Results, Conclusions, and Discussions: We selected the A375 melanoma cell line for our model because A375 tumor cells overexpress AXL (Figure 1A). HMDMs express both AXL (Figure 1B) and MERTK (Figure 1C), and this expression is modulated by polarization state. Furthermore, both receptors are expressed when HMDMs are cultured with conditioned media from untreated, injured, and dead A375 tumor cells, underscoring the need to investigate effects of TAMR inhibition in both the tumor and immune compartments of the tumor microenvironment. TYRO3 was consistently below the limit of detection. Given our ultimate interest in studying the effects of TAMR inhibition in tumor-immune crosstalk, we co-cultured the two cell types.

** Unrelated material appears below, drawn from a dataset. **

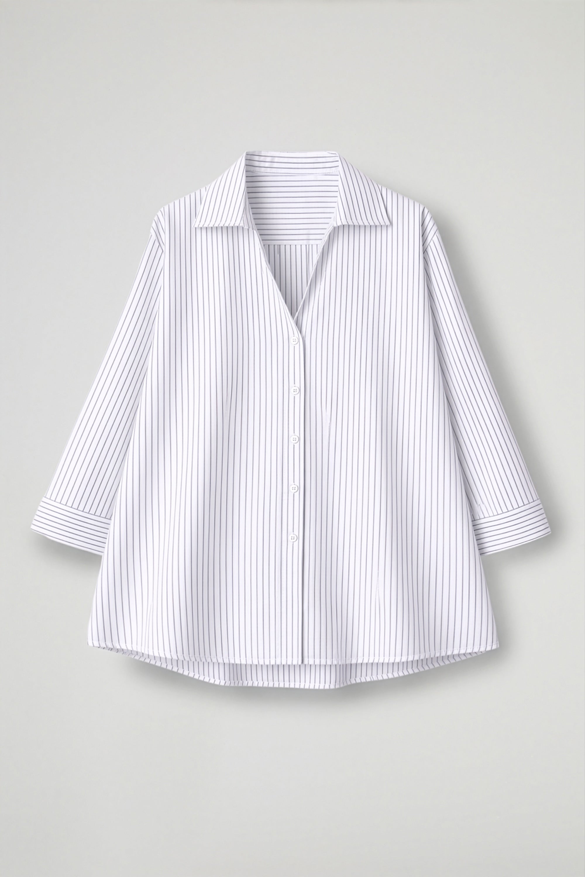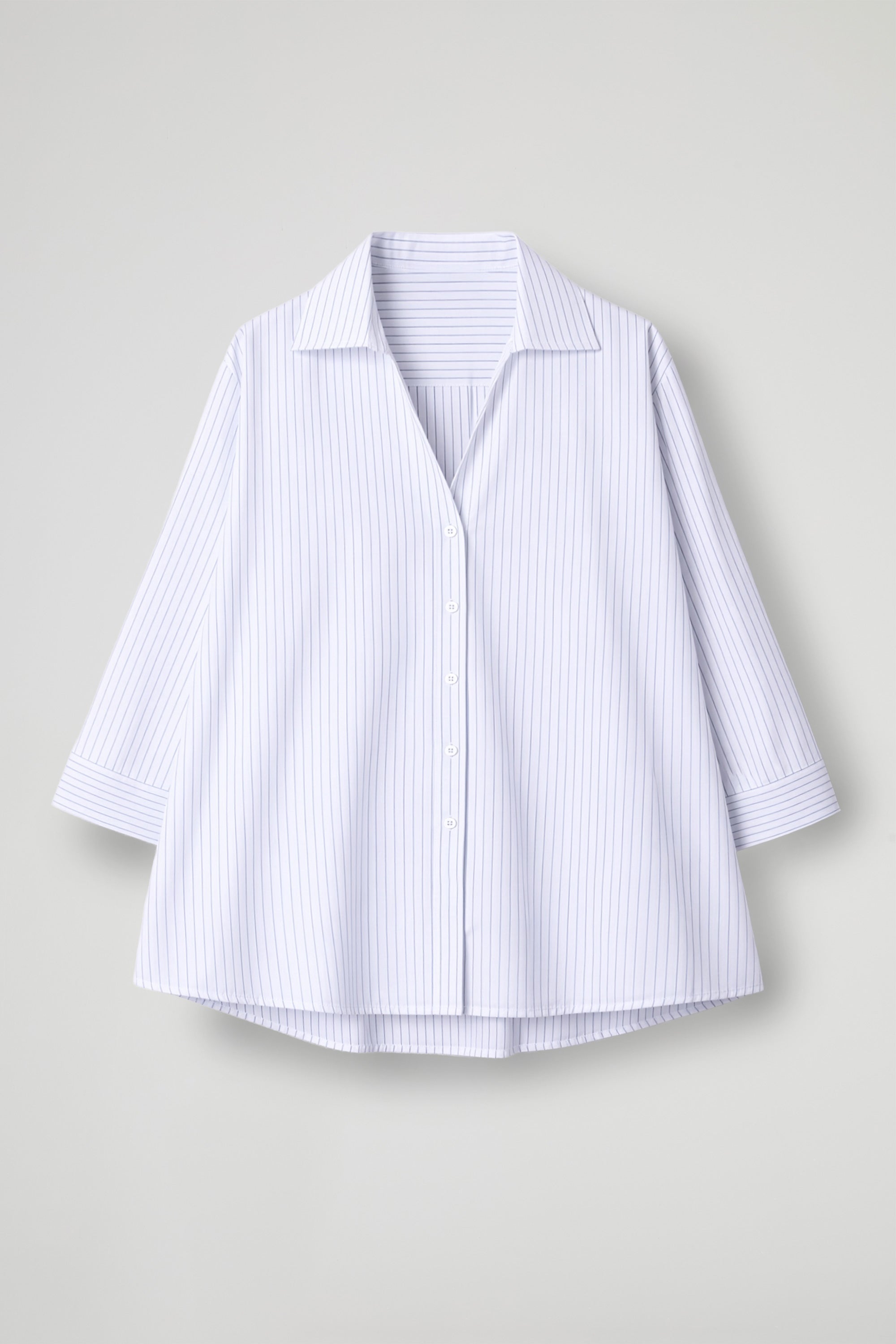 Camicia dal fit morbido, realizzata in tessuto di cotone a righe sottili. La linea è rilassata, con spalla leggermente scesa, la manica è lunga con maxi polsino che la rende contemporanea e insieme al volume pulito la rende perfetta sia infilata nei pantaloni che portata morbida. Sul retro spicca il maxi carré e piega centrale. Un capo versatile, ideale per look da giorno e layering di mezza stagione.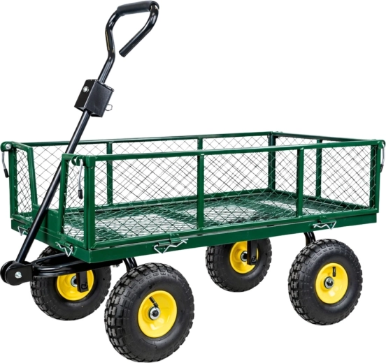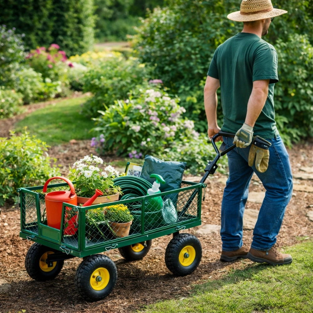 Vous cherchez une aide polyvalente pour le jardin, le chantier ou l’atelier ? Ce chariot de jardin en acier d’une capacité de 200 kg transporte terre, bois, pierres et outils. La structure stable à quatre roues avec pneus gonflables atténue les irrégularités sur gazon, gravier et dalles, et l’essieu avant pivotant garantit une direction précise même à pleine charge.

We were first interested in how TAMR inhibition may affect HMDM consumption of A375 tumor cells. Interestingly, while both inhibitors appear to yield a decrease in untreated A375 consumption (Figure 1D), Bemcentinib results in an increase in consumption of injured (Figure 1E) and dead (Figure 1F) tumor cells. We were also able to assess HMDM surface marker expression and observed that treatment with Bemcentinib but not BMS-777607 yields slight changes in expression as compared to DMSO control, which can be analyzed and visualized multivariately via principal component analysis (Figures 1G-I). However, there is not a clear shift towards a pro- or an anti-inflammatory state, highlighting the need for transcriptomic studies to better characterize nuances in HMDM state. Finally, we have begun conducting tri-culture experiments with HMDDCs, and preliminary data shows that this additional cell type appears to drastically alter the system. While in co-culture treatment with untreated A375 tumor cells yields increases (fold change >1) in HMDM CD206 and CD40 expression, in tri-culture HMDM expression of these markers decreases (Figures 1J-K). Furthermore, Bemcentinib appears to affect HMDDC state (Figures 1L-O) and may influence HMDDC maturation. Clearly, the system is complex and while in co-culture AXL inhibition may result in a pro-inflammatory, anti-tumor response, in tri-culture these beneficial effects may be subdued. We are currently working towards understanding how TAMR inhibition affects the cytokine milieu by analyzing cell secretomes via Luminex, and we will assess how TAMR inhibition alters cell-cell communication via transcriptomics.